Initially, a thermoplastic material was used for an orthotic individually designed for each patient and intended to stretch the anatomic structures of the hand. A tracing of the patient’s hand was made on a thermoplastic sheet, with the 1st and 5th digits spread into maximum abduction and the hand-wrist relationship in a neutral position to remove the ulnar deviation. The thermoplastic design was cut from the sheet and softened in a hot water bath. The patient’s hand and wrist was wrapped with a light layer of common webril and the softened thermoplastic was molded to the patient’s hand and wrist while keeping the abduction to the 1st and 5th digits and placing the hand and wrist at maximum extension. This was then secured with a snug ace wrap. After a few minutes, the wrap was removed and the thermoplastic allowed to further harden. Velcro strapping was used to secure the application of the orthotic to the patient (see figures at left).

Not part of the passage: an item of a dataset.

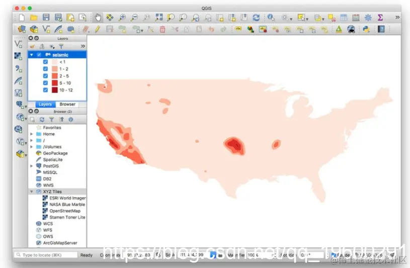 seismicShapefile,其中包含来自美国地质调查局的 2017年美国大陆遭受破坏性地震风险的数据。 -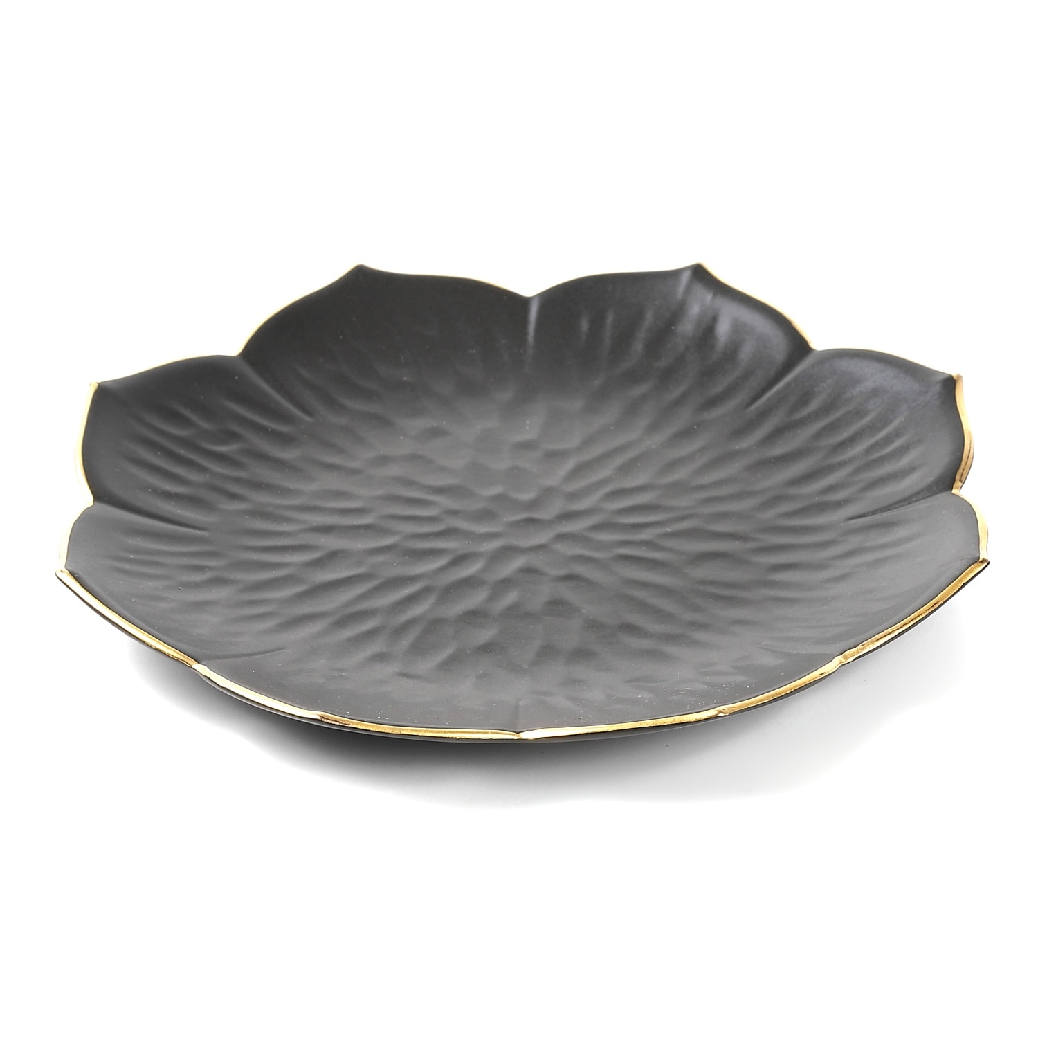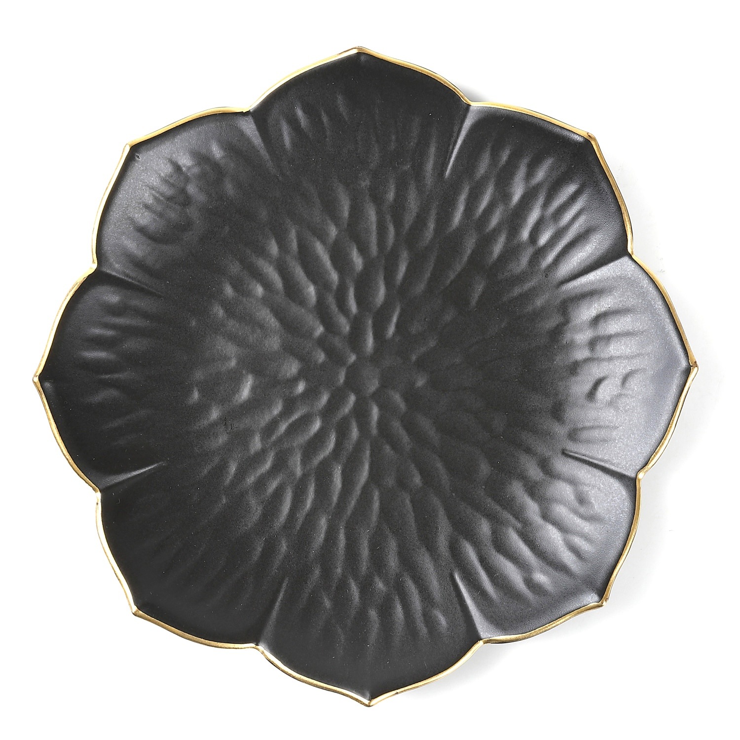 漆黒の釉薬に金彩をあしらい、桔梗の花をかたどった上品な小皿です。漆黒の深みと金の縁取りが料理を華やかに引き立て、和菓子や前菜、取り皿として幅広く活躍。桔梗形のフォルムが食卓に優雅な印象を与え、特別な日のおもてなしにも最適です。有田焼ならではの格調高い美と実用性を兼ね備えた逸品です。

Patients were advised to wear the device as much as possible but certainly wear the device at night while sleeping. This allowed a stretching of tissue for prolonged periods of time. No medications or other treatments were prescribed.
Results, Observations, and Further Testing
The initial 10 patients accepted the stretching device quite well and, over a six week period, reported improvements in night and day pain, numbness, weakness and paresthesias. Since the pilot study, I have now treated 153 cases. All but 10 have reported symptomatic improvements.